The system 2800 may include one or more processors 2802 and system memory 2804 communicatively coupled to the processor(s) 2802. The processor(s) 2802 may execute one or more modules and/or processes to cause the processor(s) 2802 to perform a variety of functions. In some embodiments, the processor(s) 2802 may include a central processing unit (“CPU”), a graphics processing unit (“GPU”), both CPU and GPU, or other processing units or components known in the art. Additionally, each of the processor(s) 2802 may possess its own local memory, which also may store program modules, program data, and/or one or more operating systems.

Depending on the exact configuration and type of the system 2800, the system memory 2804 may be volatile, such as RAM, non-volatile, such as ROM, flash memory, miniature hard drive, memory card, and the like, or some combination thereof. The system memory 2804 may include one or more computer-executable modules 2806 that are executable by the processor(s) 2802.

The modules 2806 may include, but are not limited to, one or more of an encoder 2808 and a decoder 2810.

The encoder 2808 may be a VVC-standard encoder implementing any, some, or all aspects of example embodiments of the present disclosure as described above, and executable by the processor(s) 2802 to configure the processor(s) 2802 to perform operations as described above.

The decoder 2810 may be a VVC-standard encoder implementing any, some, or all aspects of example embodiments of the present disclosure as described above, executable by the processor(s) 2802 to configure the processor(s) 2802 to perform operations as described above.

The system 2800 may additionally include an input/output (“I/O”) interface 2840 for receiving image source data and bitstream data, and for outputting reconstructed pictures into a reference picture buffer or DPB and/or a display buffer. The system 2800 may also include a communication module 2850 allowing the system 2800 to communicate with other devices (not shown) over a network (not shown). The network may include the Internet, wired media such as a wired network or direct-wired connections, and wireless media such as acoustic, radio frequency (“RF”), infrared, and other wireless media.
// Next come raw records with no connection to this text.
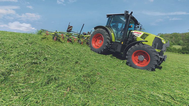 With its ARION 400 tractor series, CLAAS has successfully established itself in the compact 4-cylinder 90 to 140 hp tractor segment. In addition to the broad model range and wide variety of equipment options, customers particularly appreciate these tractors for their ease of operation and innovations such as the PANORAMIC cab for front-loader work. CLAAS now presents the next generation of the ARION 400 with new features and even more options. These include an additional cab option with transparent sunroof, a low-roof version in all models and an automatic compressed air drier for the braking system, as well as a new entry-level version and all the convenience of the CIS+ system.
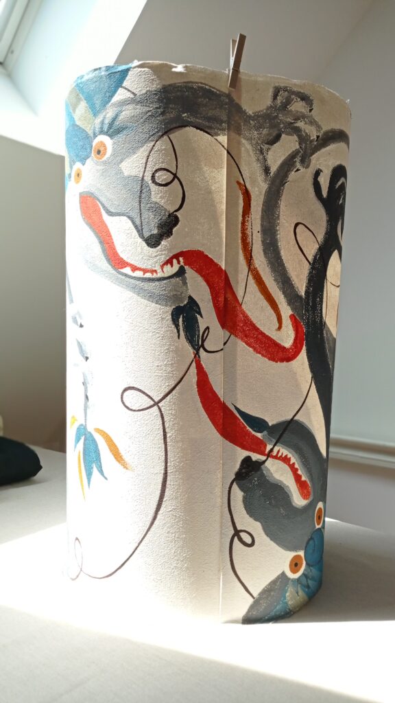 I designed and created two XXL lampshade frames, meticulously crafted and then covered with raw canvas, materials chosen for their quality and presence. Fany brought her unique world to life on these pieces by painting fantastical dragons from her imagination.
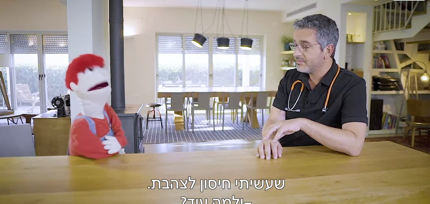 CLIP: Friendly covid puppet explains lockdowns to Yonatan (0:53; Hebrew).
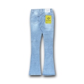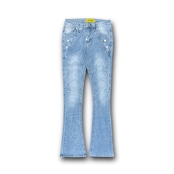 伸縮性のあるストレッチが効いたフレアレッグシルエットのデニムパンツ。
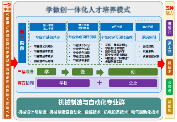制造业的转型升级对人才提出了更高的要求,目前技术技能人才培养存在供需不完全一致的结构性矛盾,深化产教融合、建设校企命运共同体、探索校企协同育人机制、创新人才培养模式是解决问题的有效途径。陕西工业职业技术学院机械制造及自动化专业群聚焦制造业数字化转型,对接数字化精密制造产业发展,通过与行业龙头企业北京精雕共建产业学院,形成了校企协同育人机制,创建了“教、学、做、创”一体化人才培养新模式。
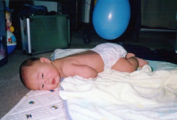 ●2001年12月13日(生後155日) で〜ん!!大胆なポーズです。 |
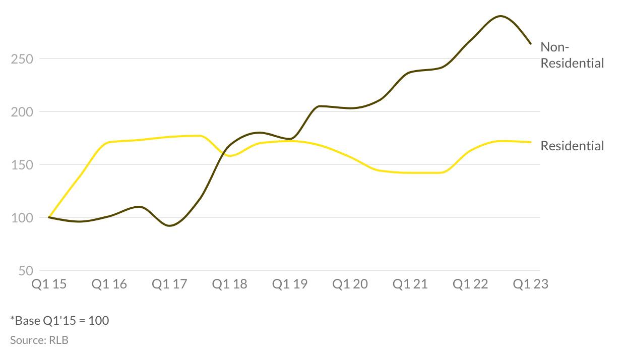 While annually there has only been a net loss of two cranes across Australia, over the last six months this grew to a -29 net change in non-residential cranes on our skyline. Given the strong approval pipeline, these results could again rebound, however high construction and financing costs may continue to dampen activity, particularly for those sectors such as office and retail, which have had reduced demand levels.

Some or all operations of the methods described above can be performed by execution of computer-readable instructions stored on a computer-readable storage medium 2830, as defined below. The term “computer-readable instructions” as used in the description and claims, include routines, applications, application modules, program modules, programs, components, data structures, algorithms, and the like. Computer-readable instructions can be implemented on various system configurations, including single-processor or multiprocessor systems, minicomputers, mainframe computers, personal computers, hand-held computing devices, microprocessor-based, programmable consumer electronics, combinations thereof, and the like.
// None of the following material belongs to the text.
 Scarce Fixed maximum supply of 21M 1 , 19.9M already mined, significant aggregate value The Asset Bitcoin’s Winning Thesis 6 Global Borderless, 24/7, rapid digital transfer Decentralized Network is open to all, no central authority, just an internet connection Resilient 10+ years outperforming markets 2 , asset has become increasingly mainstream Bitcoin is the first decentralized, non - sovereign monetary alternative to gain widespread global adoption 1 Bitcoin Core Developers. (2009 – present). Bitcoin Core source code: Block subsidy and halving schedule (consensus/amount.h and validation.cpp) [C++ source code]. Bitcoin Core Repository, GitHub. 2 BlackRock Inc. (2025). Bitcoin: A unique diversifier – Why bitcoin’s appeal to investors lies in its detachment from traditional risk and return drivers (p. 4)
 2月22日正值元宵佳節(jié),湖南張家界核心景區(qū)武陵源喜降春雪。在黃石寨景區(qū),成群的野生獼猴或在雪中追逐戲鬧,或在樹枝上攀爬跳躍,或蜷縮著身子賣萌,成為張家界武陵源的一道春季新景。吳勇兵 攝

The computer-readable storage media may include volatile memory (such as random-access memory (“RAM”)) and/or non-volatile memory (such as read-only memory (“ROM”), flash memory, etc.). The computer-readable storage media may also include additional removable storage and/or non-removable storage including, but not limited to, flash memory, magnetic storage, optical storage, and/or tape storage that may provide non-volatile storage of computer-readable instructions, data structures, program modules, and the like.

A non-transient or non-transitory computer-readable storage medium 2830 is an example of computer-readable media. Computer-readable media includes at least two types of computer-readable media, namely computer-readable storage media and communications media. Computer-readable storage media includes volatile and non-volatile, removable and non-removable media implemented in any process or technology for storage of information such as computer-readable instructions, data structures, program modules, or other data. Computer-readable storage media includes, but is not limited to, phase change memory (“PRAM”), static random-access memory (“SRAM”), dynamic random-access memory (“DRAM”), other types of random-access memory (“RAM”), read-only memory (“ROM”), electrically erasable programmable read-only memory (“EEPROM”), flash memory or other memory technology, compact disk read-only memory (“CD-ROM”), digital versatile disks (“DVD”) or other optical storage, magnetic cassettes, magnetic tape, magnetic disk storage or other magnetic storage devices, or any other non-transmission medium that can be used to store information for access by a computing device. In contrast, communication media may embody computer-readable instructions, data structures, program modules, or other data in a modulated data signal, such as a carrier wave, or other transmission mechanism. A computer-readable storage medium employed herein shall not be interpreted as a transitory signal itself, such as a radio wave or other free-propagating electromagnetic wave, electromagnetic waves propagating through a waveguide or other transmission medium (such as light pulses through a fiber optic cable), or electrical signals propagating through a wire.

The computer-readable instructions stored on one or more non-transient or non-transitory computer-readable storage media that, when executed by one or more processors, may perform operations described above with reference to FIGS. 1A-27. Generally, computer-readable instructions include routines, programs, objects, components, data structures, and the like that perform particular functions or implement particular abstract data types. The order in which the operations are described is not intended to be construed as a limitation, and any number of the described operations can be combined in any order and/or in parallel to implement the processes.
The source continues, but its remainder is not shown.